Using an effective potential model in analogy to the tight-binding scheme in the second-moment approximation, we investigated the transport processes and the structural properties of the Cu3Au and Ni3Al(1 1 1) surfaces by molecular dynamics simulations. We found that in the case of the Cu3Au(1 1 1) surface both Cu and Au adatoms are unstable and penetrating into the bulk (already at room temperature) induce local surface disorder that is propagating into the substrate. It is interesting to note that the interlayer diffusion takes place exclusively via Cu atoms and therefore, only Au adatoms stimulate local disorder through this process. Unlike, in the Ni3Al(1 1 1) surface the adatoms are stable, they diffuse via a multitude of hopping mechanisms, the Ni being more active than Al adatom.
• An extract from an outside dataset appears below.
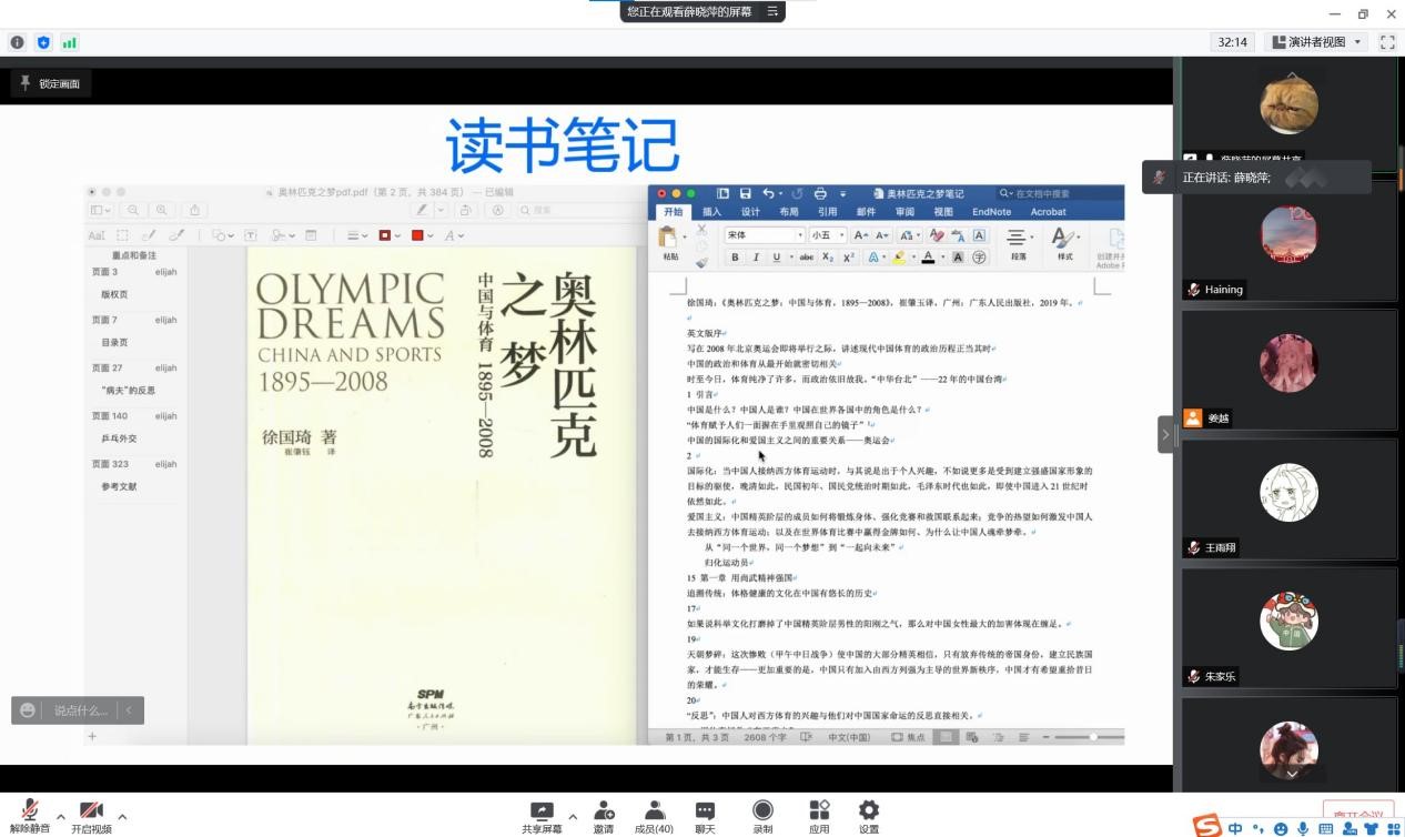 2月7日,就业(实习)经验分享会于线上举办,杨振杰、孙崇辕、赵怡然三名同学受邀分享,杨振杰、孙崇辕两位同学主要就岗位选择、简历制作、面试技巧等方面分享自身的实习或就业经验,考古学的赵怡然同学则充分结合自身的专业,介绍了探方发掘需要做的准备以及在实际实践过程中的注意事项。2月11日,刘海龙、孙辰睿、胡晓烨三名同学受邀分享论文撰写心得,三位同学主要就如何选题、如何获取材料、如何搭建论文逻辑框架等问题进行分享,此外,他们也分享了自己在论文撰写过程中遇到的问题,以及自己的论文写作技巧等内容。2月14日,读书分享会线上举行,王雨翔、高妍、薛晓萍三名同学受邀进行分享,王雨翔和高妍同学主要介绍了自己如何进行书籍的选择以及读书的方法,其中,高妍同学强调了读书环境对于自身的影响,也为同学们如何提高读书效率提出了建议,薛晓萍同学则充分结合了其当下正在阅读的书籍以及读书笔记,向大家介绍了其撰写读书笔记的方法并分享了其阅读过程中的心得体会。2月18日,董欣怡、毕欣雨、伊楠三名同学受邀主讲学生干部经验分享会,三位同学主要分享了自己的太阳成集团经验和工作中遇到的各种问题,同时,她们也就太阳成集团中容易出现的各种问题进行了方法建议。
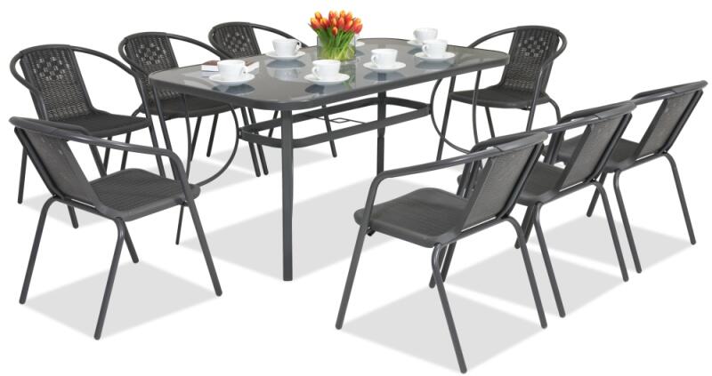 Garden Point Modena/Bergamo fém kerti bútor 8 főre antracit (GAP392-8)

Below Ts=900 K exchange mechanisms are lacking for both adatoms, while above this temperature exchange diffusion of the Al adatom with Ni surface atoms is present inducing local disorder in the surface layer. Interestingly, no exchange events were detected for the Ni adatom. Consequently, below Ts the presence of adatoms on this surface does not affect the surface order, in agreement with the available experimental observations referring to Ni3Al. In addition, contrary to the behaviour found in the cases of the (0 0 1) and (1 1 0) surfaces, the presence of surface vacancies has no serious effect on the surface order in either of the alloys. This is essentially attributed to the structural difference of this surface, the second layer (Au or Al) atoms appearing to be an effective restraining element of any surface vacancy hopping mechanism.